**PROVIDED RECORDS:**
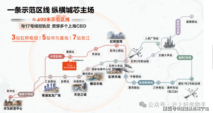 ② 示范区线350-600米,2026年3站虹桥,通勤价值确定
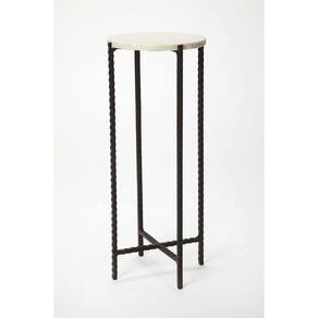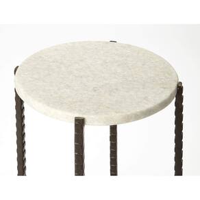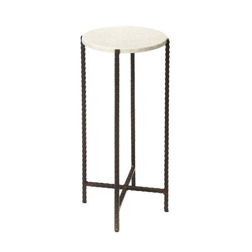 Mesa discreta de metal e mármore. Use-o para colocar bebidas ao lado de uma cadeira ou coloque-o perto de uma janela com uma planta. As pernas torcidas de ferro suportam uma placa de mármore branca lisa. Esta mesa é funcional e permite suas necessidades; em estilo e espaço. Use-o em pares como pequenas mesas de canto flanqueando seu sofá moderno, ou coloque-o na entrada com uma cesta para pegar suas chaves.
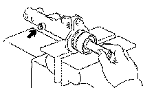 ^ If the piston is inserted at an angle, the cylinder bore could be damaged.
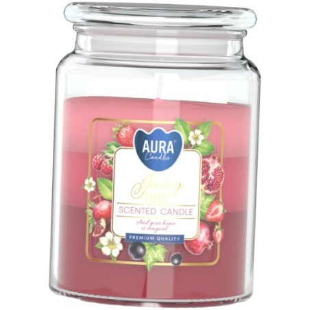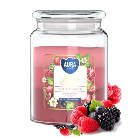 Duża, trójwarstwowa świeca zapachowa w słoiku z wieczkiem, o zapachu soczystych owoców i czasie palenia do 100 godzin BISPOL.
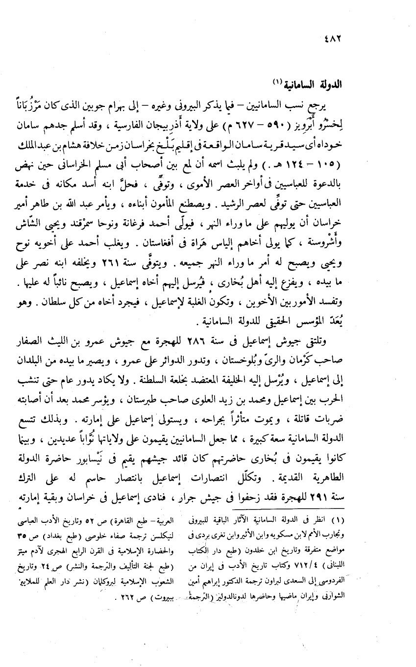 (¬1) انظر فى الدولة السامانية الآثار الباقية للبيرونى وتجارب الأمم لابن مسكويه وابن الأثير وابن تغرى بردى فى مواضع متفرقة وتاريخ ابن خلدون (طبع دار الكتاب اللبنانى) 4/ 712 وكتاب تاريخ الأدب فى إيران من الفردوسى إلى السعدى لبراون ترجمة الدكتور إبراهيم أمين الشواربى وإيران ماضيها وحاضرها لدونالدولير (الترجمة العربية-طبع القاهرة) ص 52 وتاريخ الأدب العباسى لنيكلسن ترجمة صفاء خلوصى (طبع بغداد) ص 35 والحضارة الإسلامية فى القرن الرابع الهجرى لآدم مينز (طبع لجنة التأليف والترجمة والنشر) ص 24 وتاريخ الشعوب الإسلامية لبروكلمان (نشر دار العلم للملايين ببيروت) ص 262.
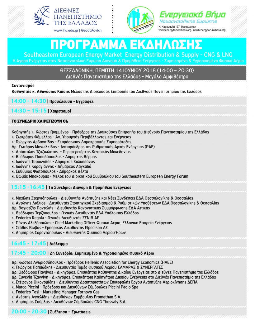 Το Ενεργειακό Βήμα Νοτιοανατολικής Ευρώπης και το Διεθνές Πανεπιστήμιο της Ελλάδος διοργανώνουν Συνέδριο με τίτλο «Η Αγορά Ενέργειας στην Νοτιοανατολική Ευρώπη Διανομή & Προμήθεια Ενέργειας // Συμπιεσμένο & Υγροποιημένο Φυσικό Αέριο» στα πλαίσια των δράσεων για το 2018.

---

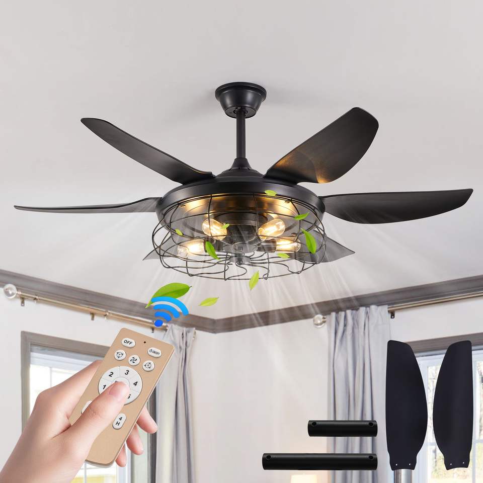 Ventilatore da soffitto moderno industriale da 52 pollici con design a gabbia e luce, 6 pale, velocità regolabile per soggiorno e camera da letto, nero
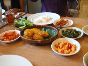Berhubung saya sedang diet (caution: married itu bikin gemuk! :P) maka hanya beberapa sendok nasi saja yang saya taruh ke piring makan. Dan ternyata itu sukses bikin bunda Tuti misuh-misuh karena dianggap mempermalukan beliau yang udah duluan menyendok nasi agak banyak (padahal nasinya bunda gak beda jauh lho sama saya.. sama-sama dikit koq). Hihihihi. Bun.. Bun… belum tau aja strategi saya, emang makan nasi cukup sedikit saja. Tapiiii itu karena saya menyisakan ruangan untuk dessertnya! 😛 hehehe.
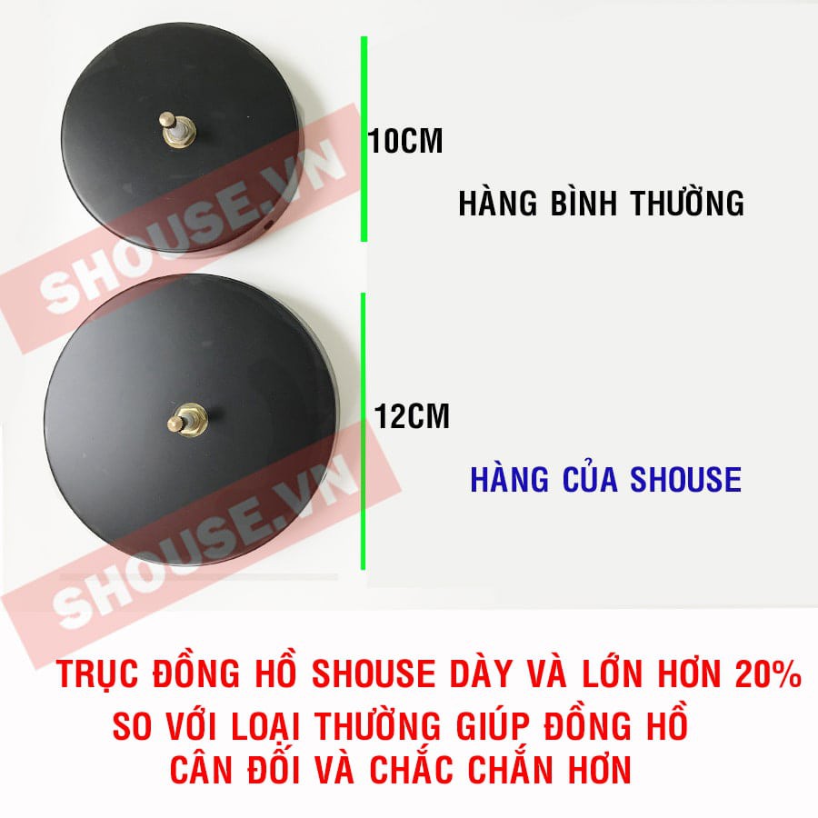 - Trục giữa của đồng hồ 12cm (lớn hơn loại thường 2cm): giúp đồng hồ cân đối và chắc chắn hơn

**REQUIRED ACTION:** What is needed is an exact copy of the lines above, from the one holding "Berhubung saya sedang" down to the one holding "- Trục giữa", with those two included and the pictures left out.

**TASK SOLUTION:**
Berhubung saya sedang diet (caution: married itu bikin gemuk! :P) maka hanya beberapa sendok nasi saja yang saya taruh ke piring makan. Dan ternyata itu sukses bikin bunda Tuti misuh-misuh karena dianggap mempermalukan beliau yang udah duluan menyendok nasi agak banyak (padahal nasinya bunda gak beda jauh lho sama saya.. sama-sama dikit koq). Hihihihi. Bun.. Bun… belum tau aja strategi saya, emang makan nasi cukup sedikit saja. Tapiiii itu karena saya menyisakan ruangan untuk dessertnya! 😛 hehehe.
 - Trục giữa của đồng hồ 12cm (lớn hơn loại thường 2cm): giúp đồng hồ cân đối và chắc chắn hơn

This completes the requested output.